ASSIGNED TASK:
In the listing that follows, give every line again exactly and omit the pictures.

MATERIAL PROVIDED:
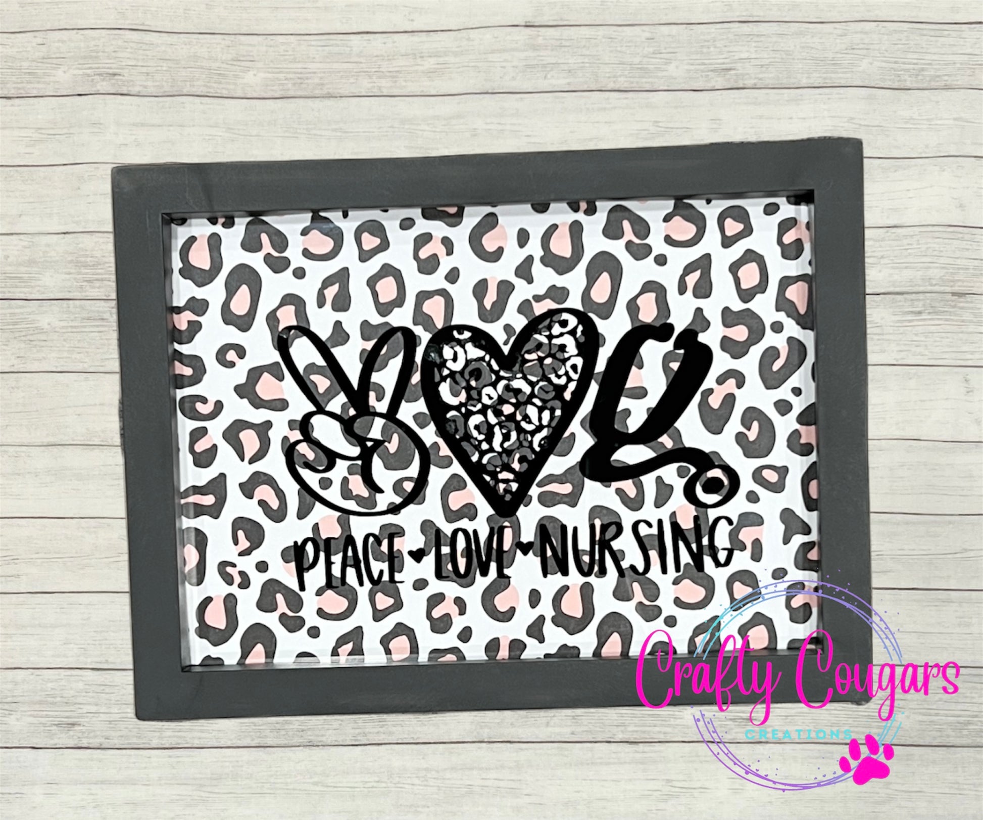 The “Peace, Love, Nursing” sign is enclosed in a 5 inch by 7 inch black frame with a pink and black leopard print pattern as the background. This sign is best displayed on a shelf or desk.
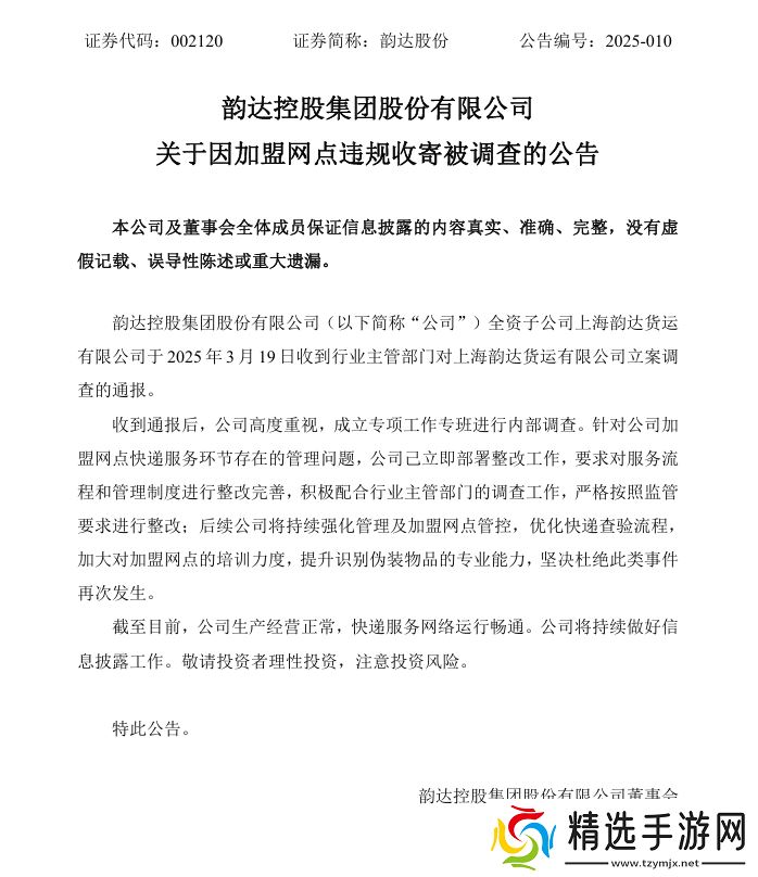 本站 3 月 20 日消息,韵达控股集团股份有限公司今日发布公告,全资子公司上海韵达货运有限公司于 2025 年 3 月 19 日收到行业主管部门对上海韵达货运有限公司立案调查的通报。
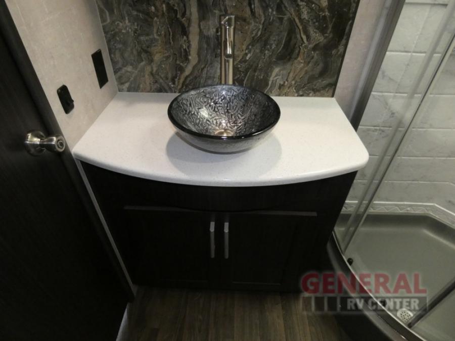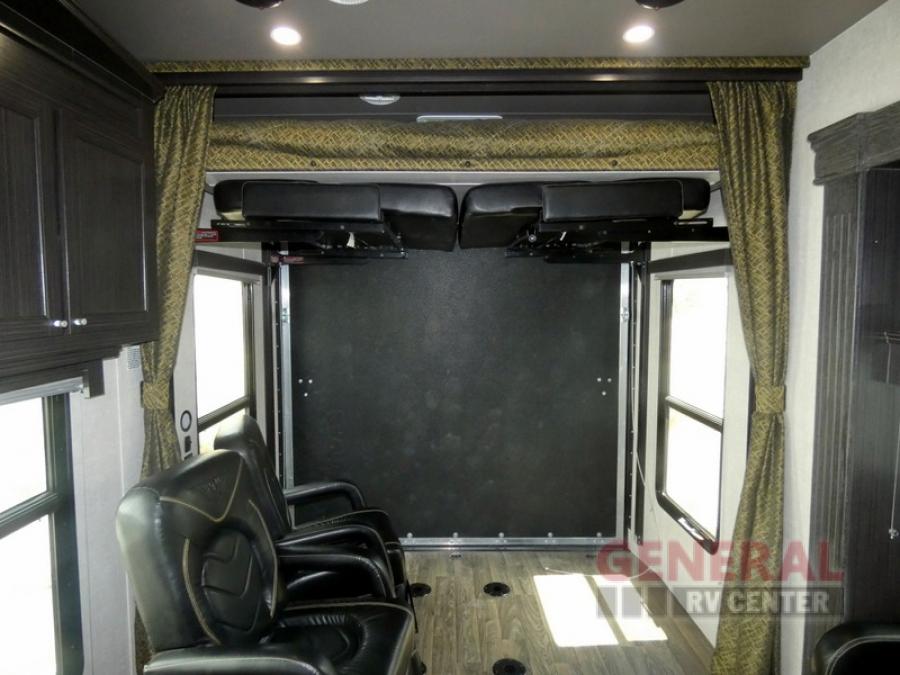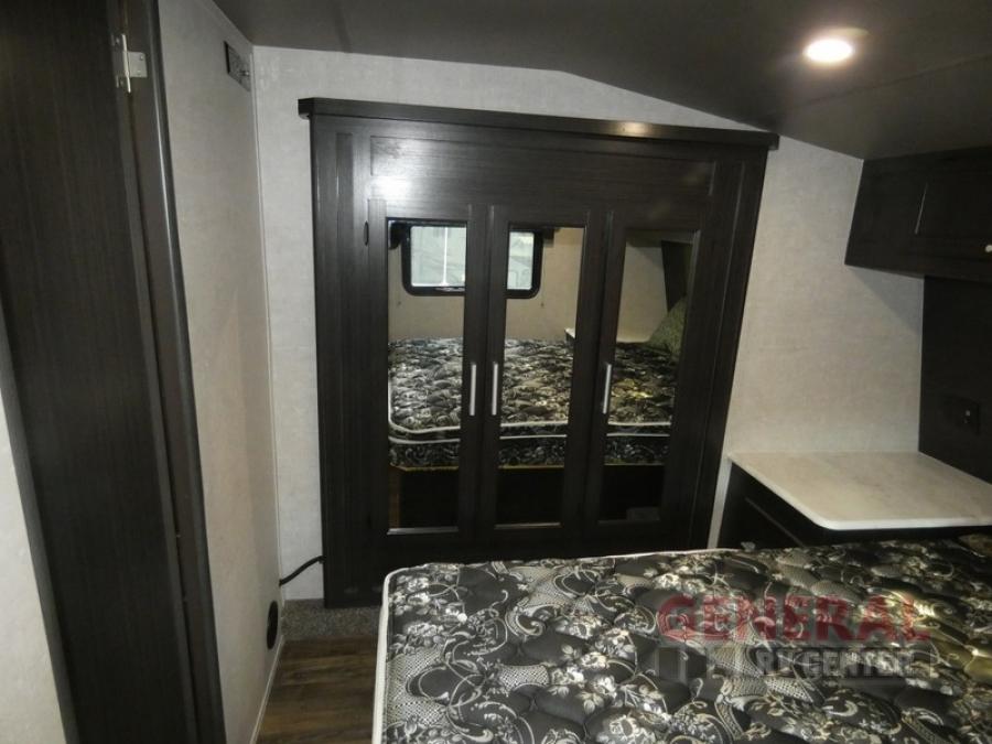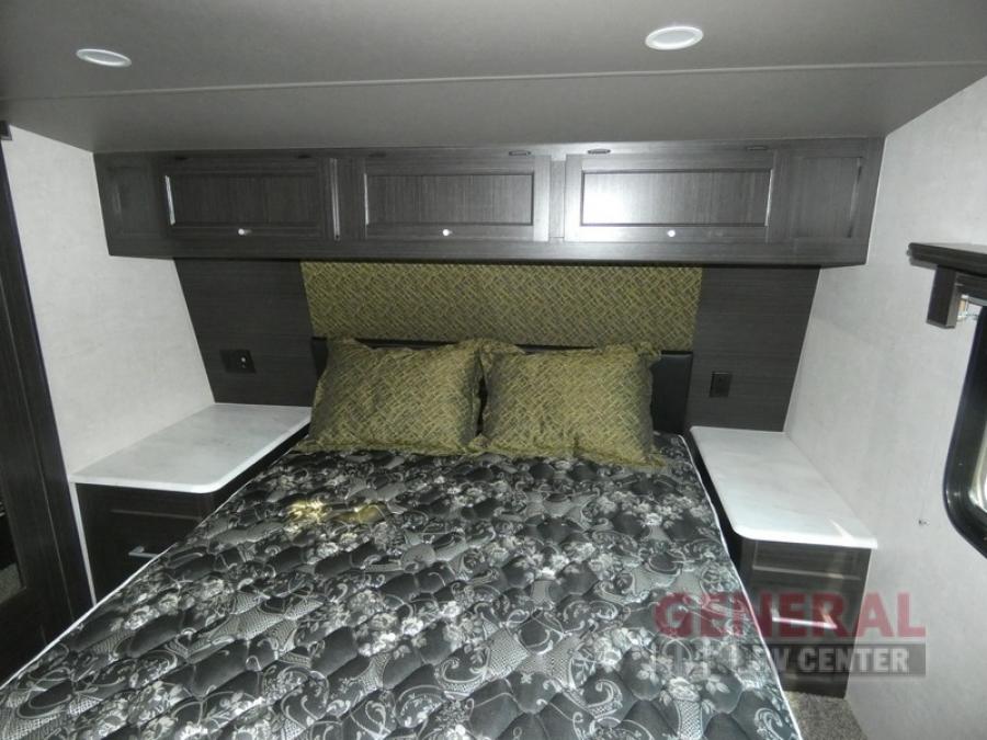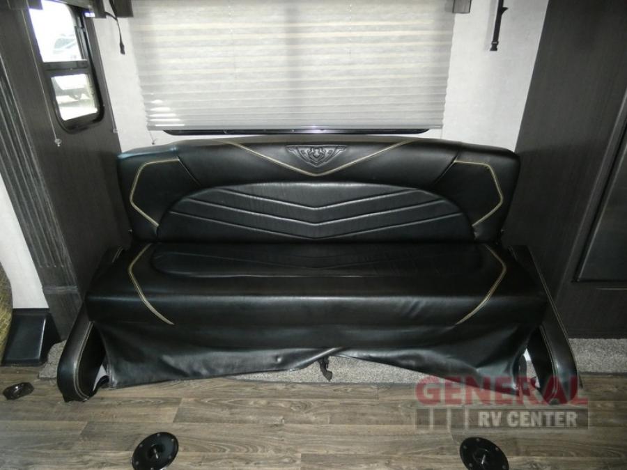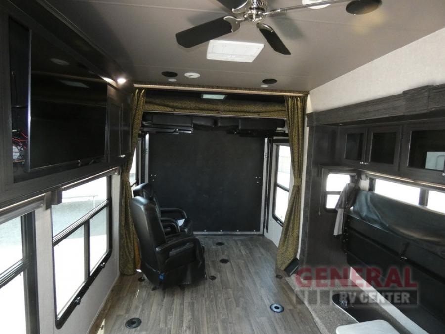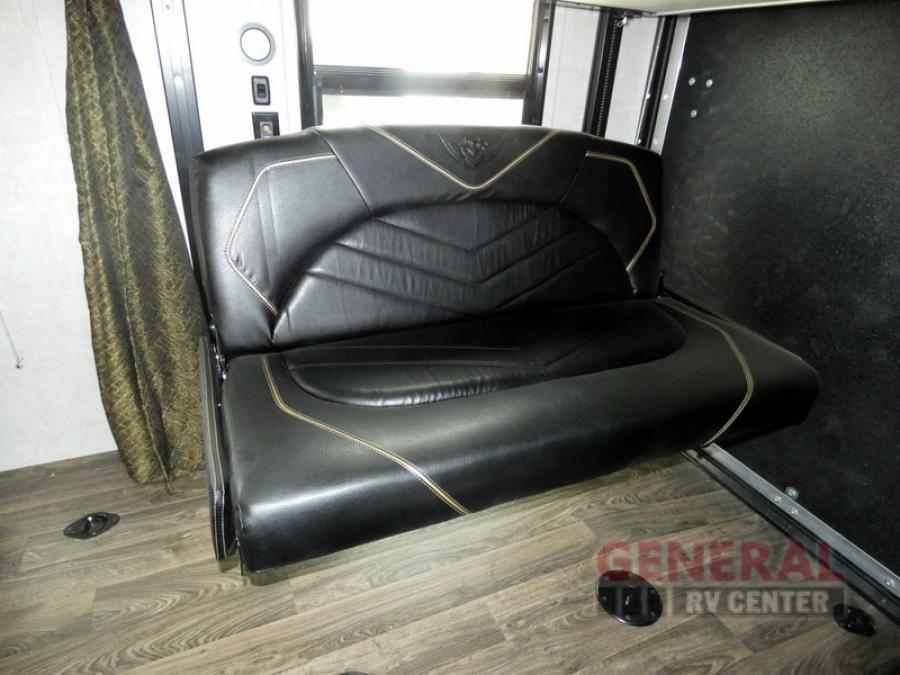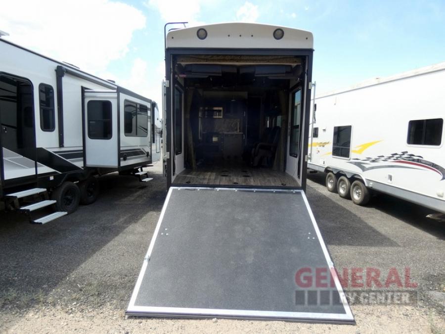 Easily find comfort and lots of legroom in this fifth wheel with a large slide out in the main living and kitchen area that is created after unloading from the cargo area. You can sleep family members between the queen bed in the front private bedroom with lots of storage for clothes and such, plus the electric bed and dinette seats in the cargo area, and the sofa next to the refrigerator. Make warm meals using the kitchen amenities, and the peninsula counter offers more space to serve food and wash the dishes. You will find storage throughout in overhead cabinets. And don't forget about the 14' to 17'7" of cargo space for your toys!
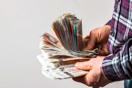 Crumpled banknotes of Russian rubles close-up on blurred background
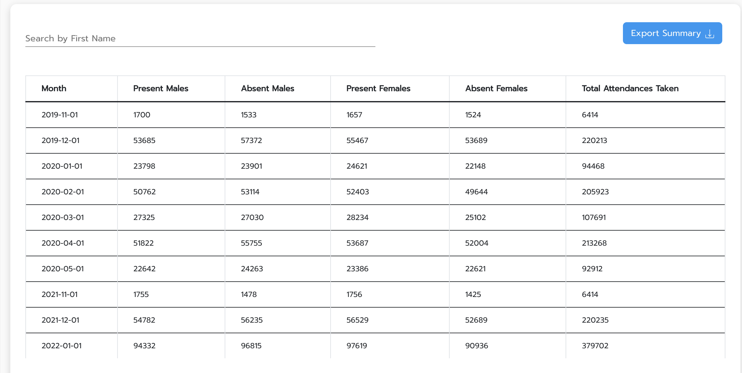 The Reports tab allows the head teacher to view an aggregated list of student attendance perfomance per class, based on gender. Head-teacher's can also view on a daily basis a list of often absent students from every class on a certain date and provide a reason for absence for missing school.
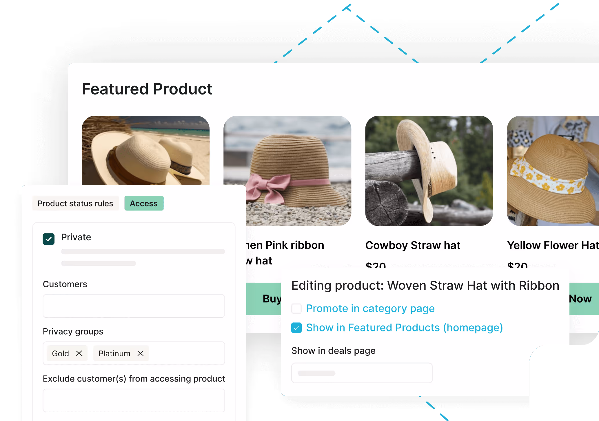 Control product visibility with private products, privacy groups, and personalized product categories.
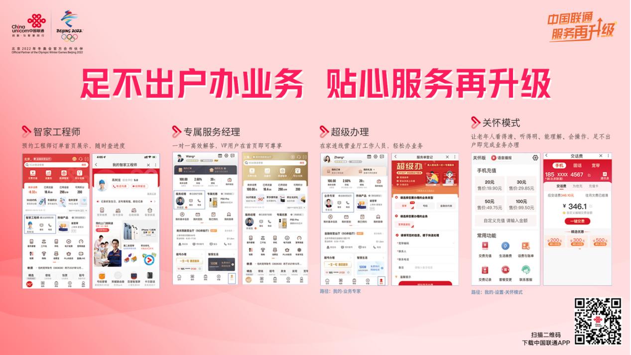 当前西安市疫情防控形势严峻,各类不稳定不确定因素增多增强,为减少市民外出风险,陕西联通提供24小时线上办理服务,通过中国联通APP用户可足不出户进行业务查询、充值缴费、流量包订购、宽带服务、专人服务等业务办理,不仅有效提高业务办理效率,还减少外出交叉感染风险,让更多用户轻松畅享5G。
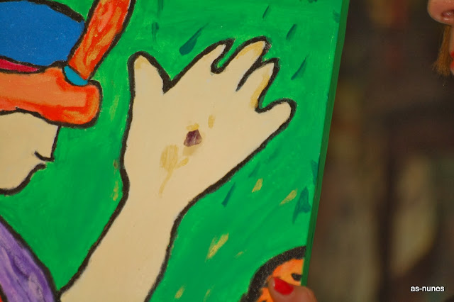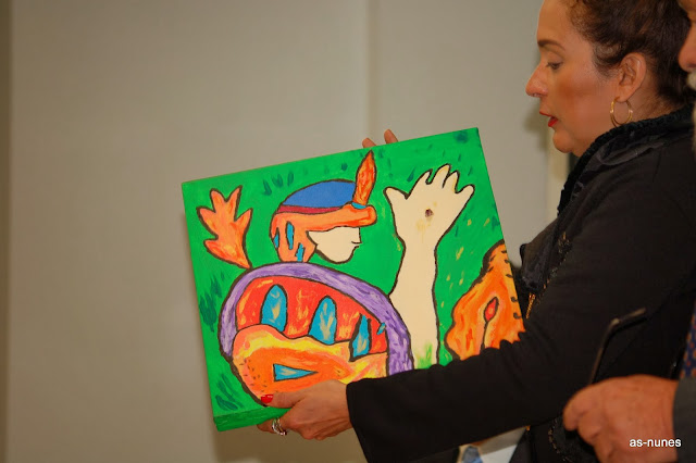 A Dra. Cynthia Roberts a mostrar um quadro que ofereceu ao autor do livro e seu velho e grande amigo, vinda do Brasil...
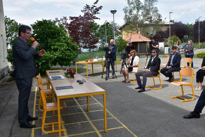 Zbrane na svečanem podpisu pogodb je najprej nagovorila ravnateljica OŠ Artiče Vesna Bogovič, ki je dejala, da se vsi zelo veselijo novega vrtca in boljših prostorskih pogojev. Artiško šolo obiskuje 240 otrok, v vrtcu pa imajo od 80 do 90 otrok. Prostorsko stisko vrtca, ki je bil pred leti zgrajen za dva oddelka, rešujejo z uporabo šolskih razredov in najemom prostora pri zasebnikih. Otroci iz vrtca iz skupine Balončki Martin Bučar Božičnik, Tinkara Čanžar in Zala Omerzu so deklamirali pesmico o vrtcu, ki jo je napisala vzgojiteljica Ruth Gramec, ob tej priložnosti so otroci županu Ivanu Molanu podarili tudi načrt novega vrtca, ki so ga izdelali sami, glasbeni utrinek k programu pa je prispevala učenka 7. razreda Ajda Ivanšek ob klavirski spremljavi učiteljice Stanke Turšič Pungerčar.

ANSWER SECTION:
 The “Peace, Love, Nursing” sign is enclosed in a 5 inch by 7 inch black frame with a pink and black leopard print pattern as the background. This sign is best displayed on a shelf or desk.
 本站 3 月 20 日消息,韵达控股集团股份有限公司今日发布公告,全资子公司上海韵达货运有限公司于 2025 年 3 月 19 日收到行业主管部门对上海韵达货运有限公司立案调查的通报。
 Easily find comfort and lots of legroom in this fifth wheel with a large slide out in the main living and kitchen area that is created after unloading from the cargo area. You can sleep family members between the queen bed in the front private bedroom with lots of storage for clothes and such, plus the electric bed and dinette seats in the cargo area, and the sofa next to the refrigerator. Make warm meals using the kitchen amenities, and the peninsula counter offers more space to serve food and wash the dishes. You will find storage throughout in overhead cabinets. And don't forget about the 14' to 17'7" of cargo space for your toys!
 Crumpled banknotes of Russian rubles close-up on blurred background
 The Reports tab allows the head teacher to view an aggregated list of student attendance perfomance per class, based on gender. Head-teacher's can also view on a daily basis a list of often absent students from every class on a certain date and provide a reason for absence for missing school.
 Control product visibility with private products, privacy groups, and personalized product categories.
 当前西安市疫情防控形势严峻,各类不稳定不确定因素增多增强,为减少市民外出风险,陕西联通提供24小时线上办理服务,通过中国联通APP用户可足不出户进行业务查询、充值缴费、流量包订购、宽带服务、专人服务等业务办理,不仅有效提高业务办理效率,还减少外出交叉感染风险,让更多用户轻松畅享5G。
 A Dra. Cynthia Roberts a mostrar um quadro que ofereceu ao autor do livro e seu velho e grande amigo, vinda do Brasil...
 Zbrane na svečanem podpisu pogodb je najprej nagovorila ravnateljica OŠ Artiče Vesna Bogovič, ki je dejala, da se vsi zelo veselijo novega vrtca in boljših prostorskih pogojev. Artiško šolo obiskuje 240 otrok, v vrtcu pa imajo od 80 do 90 otrok. Prostorsko stisko vrtca, ki je bil pred leti zgrajen za dva oddelka, rešujejo z uporabo šolskih razredov in najemom prostora pri zasebnikih. Otroci iz vrtca iz skupine Balončki Martin Bučar Božičnik, Tinkara Čanžar in Zala Omerzu so deklamirali pesmico o vrtcu, ki jo je napisala vzgojiteljica Ruth Gramec, ob tej priložnosti so otroci županu Ivanu Molanu podarili tudi načrt novega vrtca, ki so ga izdelali sami, glasbeni utrinek k programu pa je prispevala učenka 7. razreda Ajda Ivanšek ob klavirski spremljavi učiteljice Stanke Turšič Pungerčar.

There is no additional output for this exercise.